I expected her to soften, but she surprised me again. “What’s new to you? Missing a limb or not taking care of yourself?”
“I’m doing the best that I can,” I tried, but she wasn’t having it.
“Forget about the last time you slept at night,” she said. “When’s the last time you had a shower?”
She really knew how to cut a man down. “I…”
“Uh-huh. Thought so. Let’s go.”
“Go where?”
“Where do you think? If you’re incapable of keeping yourself clean, I’m going to help you relearn how. That’s my job.”
“You’re not going to bathe me.”
“Then why aren’t you bathing yourself?” she asked, and what was I supposed to say to that? That I didn’t care about keeping myself clean because what was the point? I didn’t have anyone to impress; I didn’t care about the way I looked or smelled; I didn’t really even stand out with the way the rest of my brothers drifted in while working on the ranch, dusty and sweaty and smelling of livestock.

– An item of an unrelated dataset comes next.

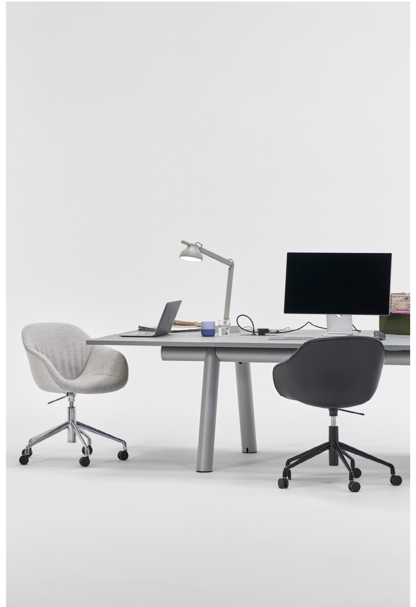
Boa Table | Grey linoleum tabletop & Metallic grey frame

“Do you think you might be depressed?” she asked in what I was beginning to understand was that no-nonsense way of hers in spite of the sensitivity of the question. In my line of work…well, in what had been my line of work before I’d lost the leg, depression was a dangerous thing. Depression might get you removed from duty, at worst, and mistrusted by the people relying on you to have their backs when shit really hit the fan, at best. I’d been just as suspicious of guys who moped in the barracks when the rest of us were monkeying around as I had been of the people who weren’t in uniforms when we went out on patrol. And now it looked like I was like them, moping around, trying to find things to dump into myself to make it, if not right, th
en just a little more bearable.
“Leave the head shrinking to the shrinks,” I said, wobbling as I stood up from the couch. “You’re just a physical therapist.”
“That doesn’t mean I’m blind or deaf or dumb,” Hadley said, standing up too, her hands on her hips. “I can diagnose a problem when I see one, and you, Hunter, are a big problem.”

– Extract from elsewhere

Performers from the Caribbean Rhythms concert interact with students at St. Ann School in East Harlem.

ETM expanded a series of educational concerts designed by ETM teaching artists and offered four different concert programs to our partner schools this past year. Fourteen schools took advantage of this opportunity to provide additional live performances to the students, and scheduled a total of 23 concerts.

“Do you want me to take a shower or not?” I asked, scowling at her. “If you keep insulting me, I can just let you keep on smelling me.”
“Lead the way,” she said, pressing her lips together tightly.
I hopped and hobbled down the hallway, past the kitchen, having to propel myself beyond the magnetic pull of the liquid contents of that refrigerator, aware that Hadley would judge me much more harshly than any of my brothers would if I opened another beer right now. I’d have to slake that thirst later, when she was gone and I could get a moment’s peace.
“This place is bigger on the inside than what it looks like from the outside,” she said by way of conversation, having more than enough time to observe her surroundings as I struggled on ahead of her. It made me self-conscious to be so physically inept, but that was just the way of the world now.
“It had to be big on the inside,” I said. “There were a lot of us Corbins.”
“You all still live here?” She’d paused at an old family portrait hanging on the wall, its frame embarrassingly dusty. “This place could use a woman’s touch. Or just someone who knows how to clean up after themselves or other people.”
“You offering?”
“Hell, no,” she scoffed. “Do you really think I went to medical school to sweep and mop and dust?”
We all looked happy in this photo. I couldn’t have been much older than four or five, and I had no memory of going to get the portrait taken. Avery had a gap-toothed grin, Emmett held himself with quiet confidence, Tucker puffed his chest out, and even Chance still looked hopeful about the future, all of us squeezed in together in front of a drop cloth draped in the background. We’d all inherited our size from Dad, but Mom wasn’t a shrinking violet. She was tough as leather when she wasn’t doting on us—at least, that’s what I gathered from my patchy memories and the times my brothers got drunk and maudlin enough to reminisce. I wondered what parts of which parent were mine and mine alone, not shared by any of my brothers. It was hard to know.